Моя сестра, столь же умная, сколько и добрая, пишет мне, что съездила в Одессу, отыскала мою бедную жену и взяла ее к себе в деревню. Сестра обещала мне устроить наши будущие отношения с женой. Что весьма облегчит ее труд, это то, что жена моя обладает непостижимо спокойным нравом. Она, которая угрозой лишить себя жизни заставила меня придти к ней, перенесла мое бегство, разлуку со мной, известие о моей болезни с таким равнодушием, которое я положительно не могу себе объяснить. О, до какой степени я был слеп и безумен!
Добрый, дорогой, лучший друг мой, благодарю Вас!
Ваш П. Чайковский.
37. Чайковский - Мекк
Clarens,
25 октября / 6 ноября 1877 г.
Дорогая Надежда Филаретовна!
Получил вчера письмо Ваше.
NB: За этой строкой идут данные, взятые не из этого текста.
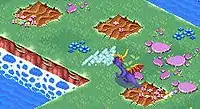 Sparx, the dragonfly that follows Spyro, acts as Spyro's health meter. Spyro begins the game with four hit points and four lives. Spyro can be harmed four times before he loses a life. Each time Spyro loses a hit point, Sparx changes color accordingly. When Spyro loses three of his four hit points, Sparx disappears.[7] Spyro can restore hit points by feeding Sparx butterflies, which can be obtained by killing small animals such as rabbits and sheep. Occasionally, a special butterfly can be found that can give Spyro an extra life.[8] Sparx can also give advice on how to accomplish particular challenges and hints on how to perform certain tasks. The ability to receive advice from Sparx can be toggled on and off from the pause menu.[6]
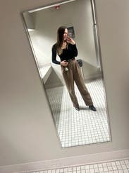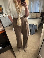 I didn’t think I would like these, but they fit great and looked expensive. They were tall enough for my 5’11 body but the waist was a bit big and I could have sized down. The fabric is definitely a winter weight.
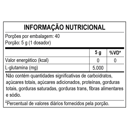 | - Este produto não é um medicamento. - Não exceder a recomendação diária de consumo indicada na embalagem. - Mantenha fora do alcance de crianças. - Este produto não deve ser consumido por gestantes, lactantes e crianças. - Manter a embalagem bem fechada e em local seco e fresco. Não expor à luz solar. Consumir em até 45 dias após aberto. PODE CONTER TRAÇOS DE GLÚTEN. | 1. Cruzat, Vinicius. F; Petry, Éder. R; Tirapegui, Julio. Glutamina: aspectos bioquímicos, metabólicos, moleculares e suplementação. Disponível em: https://www.scielo.br/j/rbme/a/BSkcq7h33h7KZny4jnmY5vb/?format=pdf&lang=pt 2. Melo, Silvia. Para que serve a glutamina e quando tomar? Disponível em: <https://catracalivre.com.br/saude-bem-estar/para-que-serve-a-glutamina-e-quando-tomar/> 3.Schiavon, Fabiana. O que é a glutamina e para que serve? Há benefício para quem se exercita? Disponível em: <https://saude.abril.com.br/fitness/o-que-e-a-glutamina-e-para-que-serve> 4. Zanin, Tatiana. Glutamina: o que é, para que serve, alimentos e como tomar. Disponível em: <https://www.tuasaude.com/como-tomar-glutamina/> |

Что я могу сказать Вам, чтоб выразить мою благодарность? Есть чувства, для которых слов нет, и если б я старался прибрать выражения, способные изобразить то, что Вы мне внушаете, то боюсь, что вышли бы фразы. Но Вы читаете в моем сердце, не правда ли? Скажу только одно. До встречи с Вами я еще не знал, что могут существовать люди со столь непостижимо нежной и высокой душой. Для меня одинаково удивительно и то, что Вы делаете для меня, и то, как Вы это делаете. В письме Вашем столько теплоты, столько дружбы, что оно одно достаточно, чтобы заставить меня снова полюбить жизнь и с твердостью переносить житейские невзгоды. Благодарю Вас за все это, мой неоцененный друг! Я сомневаюсь, чтоб когда-нибудь случай привел меня на деле доказать Вам, что я готов принести для Вас всякую жертву; не думаю, чтоб Вы когда-нибудь могли найти надобность обратиться ко мне с просьбой оказать Вам какую-нибудь крупную дружескую услугу, - и потому мне остается только услуживать и угождать Вам посредством музыки. Надежда Филаретовна! Каждая нота, которая отныне выльется из-под моего пера, будет посвящена Вам! Вам буду я обязан тем, что любовь к труду возвратится ко мне с удвоенной силой, и никогда, никогда, ни на одну секунду, работая, я не позабуду, что Вы даете мне возможность продолжать мое артистическое призвание. А много, много еще мне остается сделать. Без всякой ложной скромности скажу Вам, что все до сих пор мною написанное кажется мне так несовершенно, так слабо в сравнении с тем, что я могу и должен сделать. И я это сделаю.